The intervention of the director general of the Bank of Italy, Salvatore Rossi, during the Lectio Magistralis held at the economic campus of the Ca' Foscari University in Venice, starts from these premises. The theme is very topical because the need to divulge serious and reliable information increasingly clashes with the ease of divulging, often on social networks, "hoaxes" or news that is not entirely false but only partially true. Thus generating disinformation, confusion and easy illusions. Especially if the bad information is used for political ends. But the dangers of the past have even worsened today. “When ideologies have faded away until it almost disappeared and the electorate was transformed into the audience of a continuous and endless show, iPolitical marketing has become the only language spoken by politicians in democratic regimes to the masses and understood by them".

“Today the discourse between voters and those elected must be continuous, uninterrupted – said Rossi – and take place through all types of means of communication, especially those, such as social media, for instant consumption. It should be noted that all this does not apply only to economic facts in the strict sense, but also to other fields of administrative and political action, such as foreign policy for example”. If “in order to tell the state of national interests and international relations, narratives based on story telling techniques – to be clear, those at the basis of television dramas – spread in order to tickle the moods of the public; if the success of ratings in the short term counts, regardless of the effective reality of national interests in the medium to long term; then the diplomatic apparatus of a democratic country finds it increasingly difficult to direct the action of rulers interested only in minute-by-minute advertising of one's political party to current and potential voters".

It is necessary to reflect, concluded Rossi, on the fact that "science (including economics) is indeed "democratic, but only within it". "All those who are outside of it - he underlined - that is the community of citizens, must trust the fact that the scientific community has strict rules, designed to ensure that it works in the best interest of all humanity". Rossi concluded his lectio with a peremptory invitation to economists to make their voices heard. “What in past times was only recommendable – that is, that economists make more and better dissemination of good, validated economic theories and data – becomes imperative and urgent in times, such as the present ones, of ubiquitous bad or imprecise economic information, used political ends. It affects not only the good name of the economic profession, but the correct functioning of our democratic societies".

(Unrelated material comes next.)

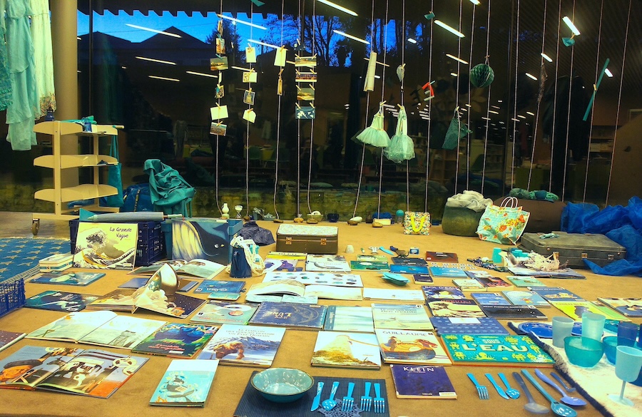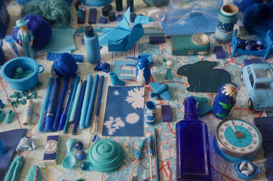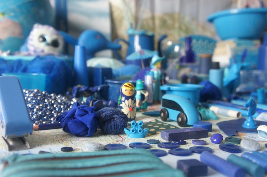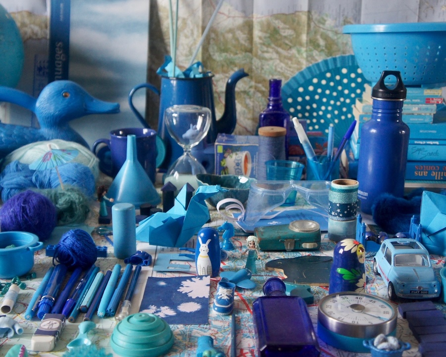 Une invitation à goûter des lectures picorées dans des pages bleues, parmi des objets bleus, à l’heure où les ombres sont bleues.

The examples with which Rossi motivated his analysis are countless. Here's one. Italy is growing little and less than it could.” The cliché states that the Italian economy could be prosperous and happy if only Europe, out of Teutonic stupidity, and the markets, out of occasional political antipathies, didn't impose a shirt of financial strength". But that's not the case: "The main issue of the Italian economy is that, when something is produced (an industrial machinery, a legal opinion, a history lesson), it is not done efficiently enough". And so "the Italian economy suffers from a competitive disadvantage and a lack of growth compared to others". Conclusion: “The causes of this situation are many and we are not discussing them here. One thing is certain: the problem cannot be solved by inducing the State to go into debt”.

In his Lectio Rossi addresses the media and researchers but not only. The ability to disseminate – understood as the ability to translate but also to prune and go to the essentials – “has become essential to curb the drift towards superficiality, approximation, falsehood, manipulation that threatens to overwhelm us. Anyone who is in the trenches and laboriously pushes forward the frontier of knowledge in his small field can no longer turn his head and say: it's none of my business, it can't be my business to make my neighbor understand that he's a lawyer or a plumber. So you become accomplices of those who make superficiality or manipulation their creed. Of those who transform economic or foreign policy into instantaneous political marketing”.